Goal of the exercise:
Copy out the data below from the line containing "네트워크 1개 만들기,VM생성하기" to the line containing "Wikinger Kreuz aus", both lines included, with all images left out.

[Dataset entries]
◇ ◇ ◇ ◇

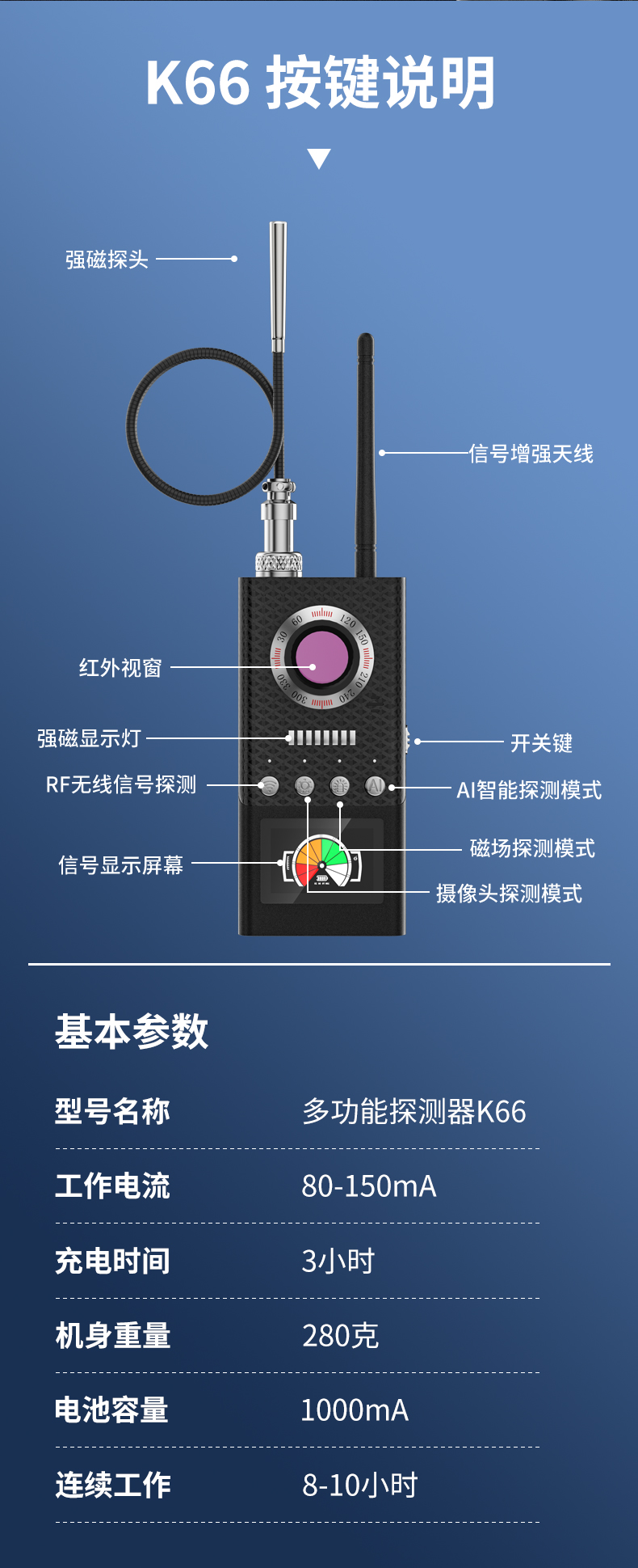酒店摄像头防偷拍K66信号探测器检测汽车反定位监控GPS防偷听K66
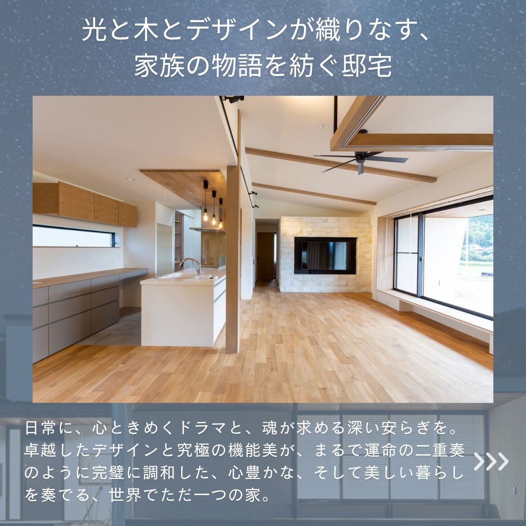 そこに住まうご家族が、いつまでも色褪せることのない、かけがえのない美しい時間を優しく紡ぎ、太陽のような笑顔があふれる毎日を送るための、世界でたった一つの特別な「舞台」を、心を込めて、情熱を込めて創り上げています。
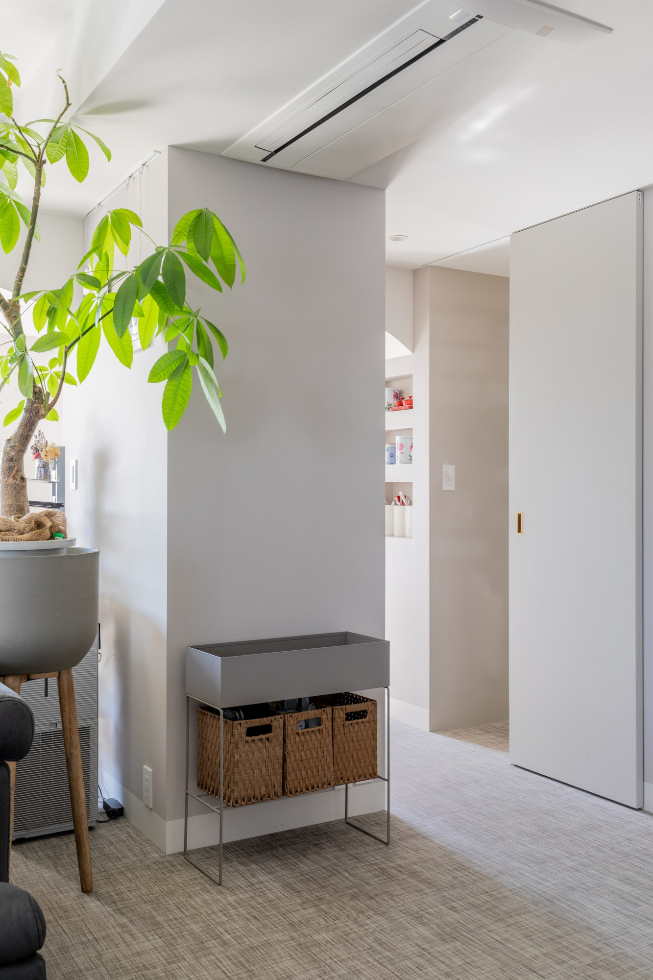 30帖以上ある広いLDK+寝室を効率的に空調するために、エアコンはすっきりデザインの天井埋め込みカセット式を採用。
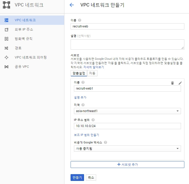 네트워크 1개 만들기,VM생성하기
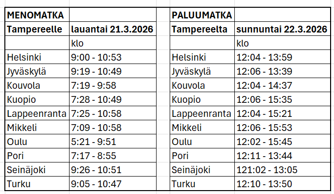 Kokouksen etäosallistujille lähetetään osallistumislinkki ilmoittamaansa sähköpostiosoitteeseen. Aikataulu Ulkopaikkakuntalaisille, jotka osallistuvat oheisohjelmaan, varataan majoitus kahden hengen huoneissa. Omavastuu on 50 euroa ja se sisältää osallistumisen kokoukseen, lounaan, oheisohjelman, ulkopaikkakuntalaisten majoituksen ja matkat Grafinetin matkustusohjeen mukaisesti. Sitova ilmoittautuminen torstaihin 26.2.2026 mennessä ilmoittautumislomakkeella. Jäsennumero löytyy mobiilijäsenkortista. Vuosikokouksessa noudatetaan Grafinetin matkustus-, osallistumis- ja peruutusehtoja. Uuden hallituksen järjestäytymiskokous pidetään huhtikuussa. Tervetuloa vuosikokoukseen, |
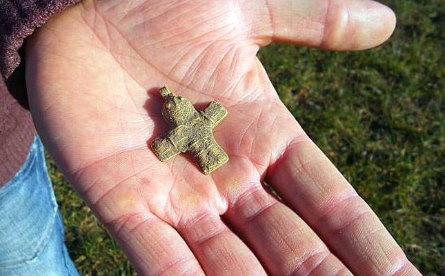 Wikinger Kreuz aus dem 10. Jahrhundert - Gefunden mit einem Metalldetektor auf einem Feld.
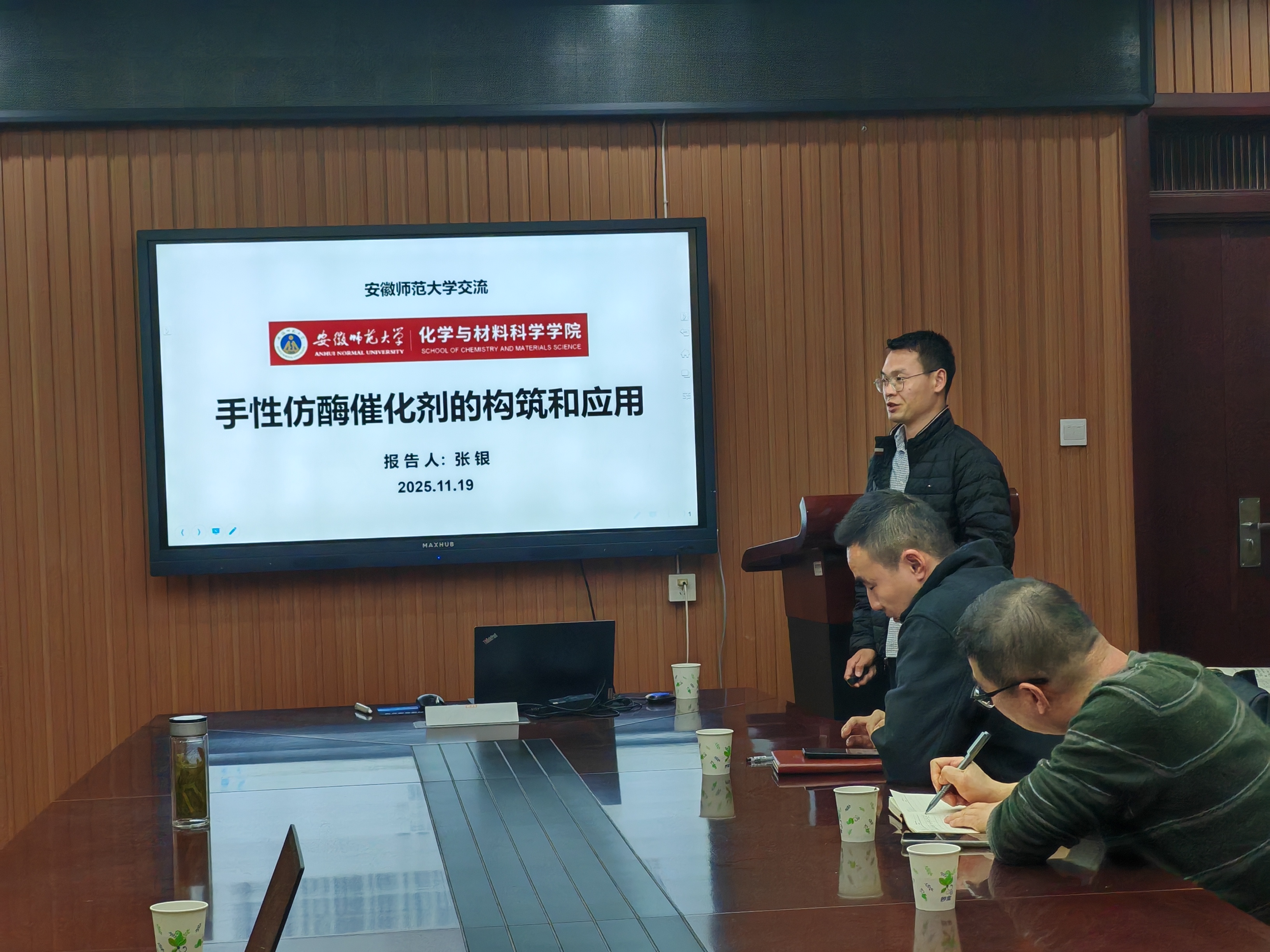 张银副教授了题为“手性仿酶催化剂的构筑和应用”的学术报告。张教授首先介绍了催化剂的精准构筑这一核心问题,通过有序组织不同功能单元,成功构建了非金属活性中心异相催化体系,提出了普适性的手性仿酶加氢催化剂构筑新方法。其中在应用拓展方面,张教授团队创新性地设计了手性仿酶光催化剂,利用光氧化还原性与氢键协同作用,首次实现了双自由基不对称交叉偶联反应,该成果在自由基反应机制研究方面具有前瞻性。并且为深入解析催化机制,张教授团队构建了仿酶氢键组装模型并建立高压原位红外测试条件,揭示了手性组装体的可逆组装机制与氢气活化路径。通过发展双变量协同调控策略,实现了对多组分反应中化学选择性与立体选择性的精准操纵,为手性药物绿色合成提供了新范式。会后,张银副教授与会师生展开了一系列学术讨论,并回答了与会师生提出的问题。
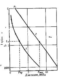 Рисунок 4 - Кривые распределения давления по стволу скважины (1) и колонне НКТ (2).
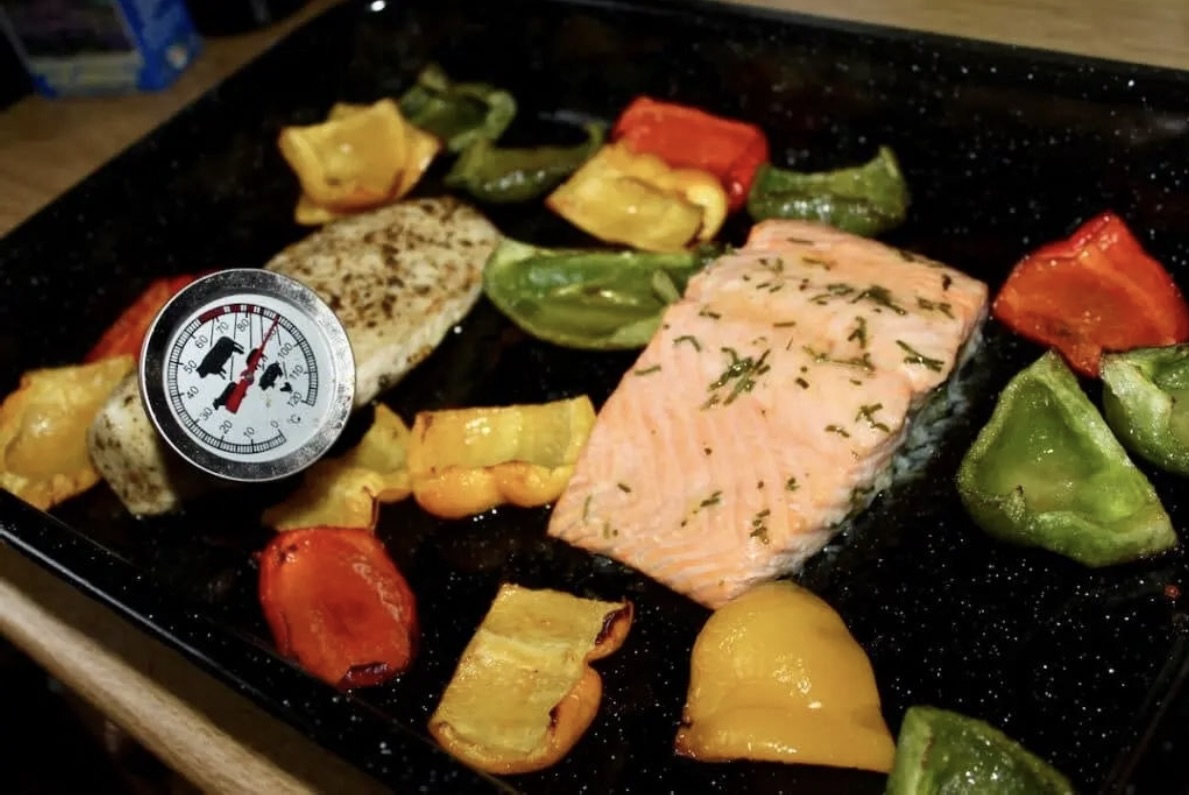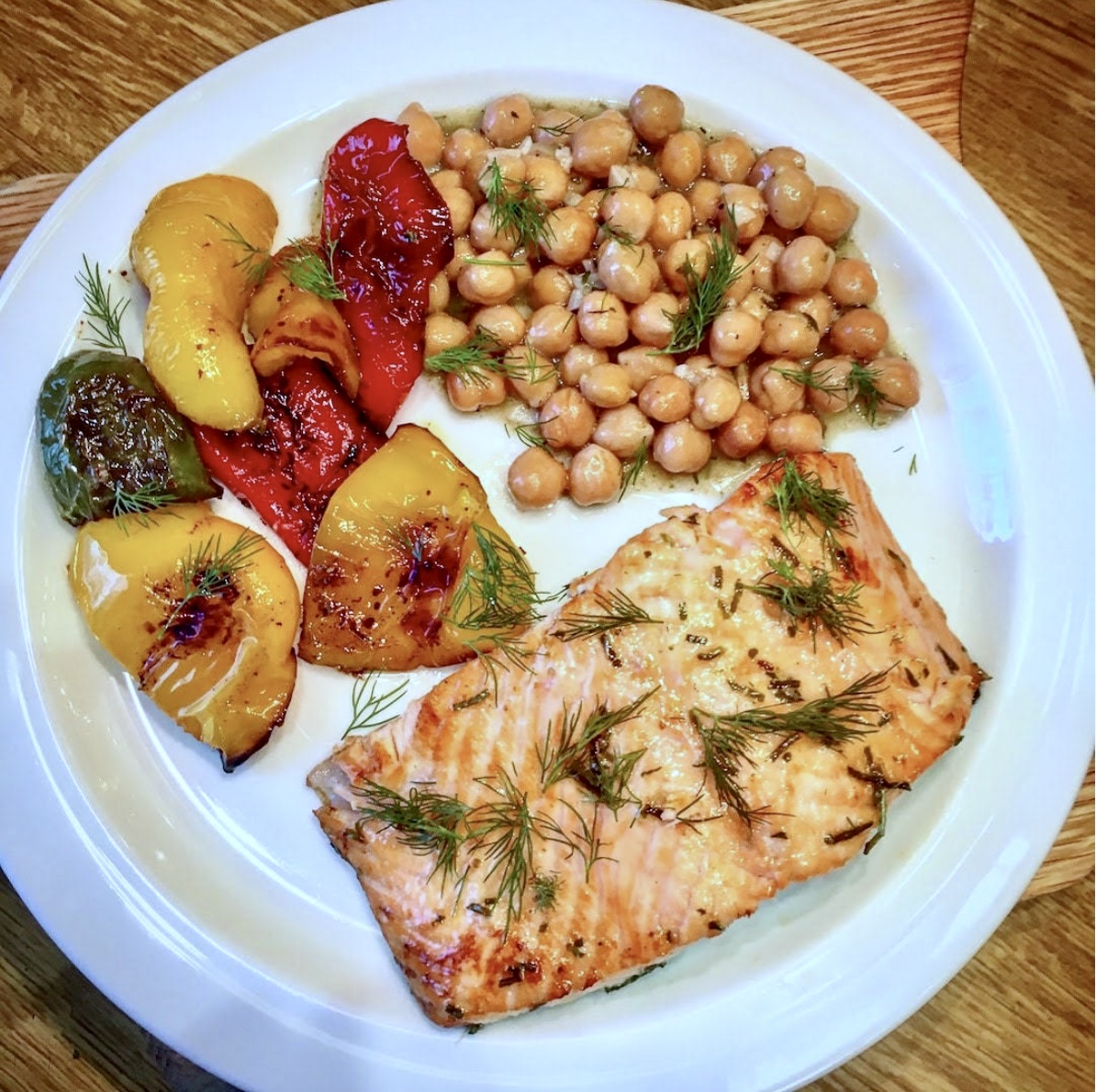 Upieczonego łososia podawaj od razu z pieczoną papryką i przygotowaną ciecierzycą. Danie jest kolorowe, zdrowe i bardzo aromatyczne.

◇ ◇ ◇ ◇

Task answer:
 네트워크 1개 만들기,VM생성하기
 Kokouksen etäosallistujille lähetetään osallistumislinkki ilmoittamaansa sähköpostiosoitteeseen. Aikataulu Ulkopaikkakuntalaisille, jotka osallistuvat oheisohjelmaan, varataan majoitus kahden hengen huoneissa. Omavastuu on 50 euroa ja se sisältää osallistumisen kokoukseen, lounaan, oheisohjelman, ulkopaikkakuntalaisten majoituksen ja matkat Grafinetin matkustusohjeen mukaisesti. Sitova ilmoittautuminen torstaihin 26.2.2026 mennessä ilmoittautumislomakkeella. Jäsennumero löytyy mobiilijäsenkortista. Vuosikokouksessa noudatetaan Grafinetin matkustus-, osallistumis- ja peruutusehtoja. Uuden hallituksen järjestäytymiskokous pidetään huhtikuussa. Tervetuloa vuosikokoukseen, |
 Wikinger Kreuz aus dem 10. Jahrhundert - Gefunden mit einem Metalldetektor auf einem Feld.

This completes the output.